Oncotype DX 复发评分对佐治亚州化疗和乳腺癌死亡率差异的影响

在诊断为 I-IIIa 期、淋巴结阴性、激素受体 (HR) 阳性乳腺癌 (BC) 的女性中,Oncotype DX 复发评分 (ODX RS) 可为化疗治疗决策提供依据。复发评分或检测的差异可能会导致 HR+ 肿瘤女性 BC 死亡率的种族差异。我们在乔治亚州(2010-2014 年)确定了 12,081 名非西班牙裔白人 (NHW) 和非西班牙裔黑人 (NHB) BC 患者,他们有资格接受 ODX RS。Logistic 回归用于按种族和 ODX RS 估计接受化疗的几率。Cox 比例风险回归用于计算按种族和复发评分比较 BC 死亡率的风险比 (HR)。NHB 和 NHW 女性接受的 Oncotype 测试结果一致。
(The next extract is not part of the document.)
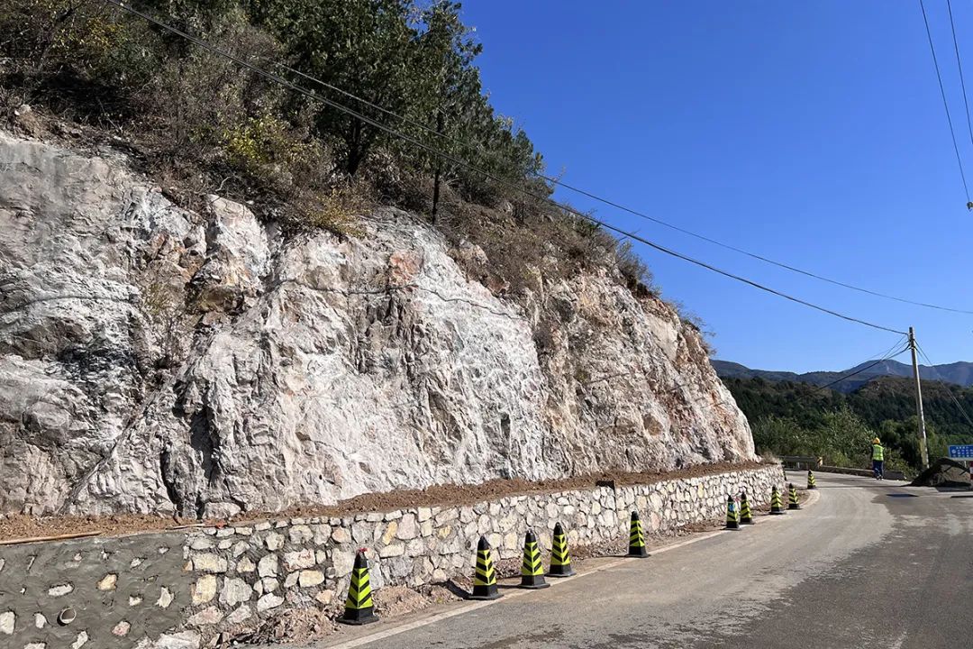 记者在位于贾山村贾茶路起点处施工现场看到,大型机械设备正在作业,工人认真细致地砌筑挡土墙,同步施工的还有防护网建设工程。“为确保防护网牢固,我们采用每隔2.5米至4米在山体内嵌入锚杆的方式进行固定。”北京城建勘测设计研究院有限责任公司项目负责人谢国军介绍。防护网分为内外两层,内层为细网,可阻挡碎石细沙;外层为粗网,可确保防护网承受较大冲击力。这样的双重保护将保障过往车辆及行人的安全。

ODX RS 各层内化疗的接受情况总体相当——尽管低分的 NHB 女性接受化疗的可能性稍高(OR = 1.16,95% CI 0.77,1.75),而高分的 NHB 女性接受化疗的可能性较小(OR = 1.16,95% CI 0.77,1.75)。 OR = 0.77, 95% CI 0.48, 1.24),高于 NHW 同行。与 NHW 女性相比,复发评分较低的 NHB 女性 BC 死亡风险最大(HR = 2.47,95% CI 1.22,4.99)。我们的数据表明,ODX 未捕获的额外肿瘤异质性或其他下游治疗因素可能是 HR+ BC 种族差异的驱动因素。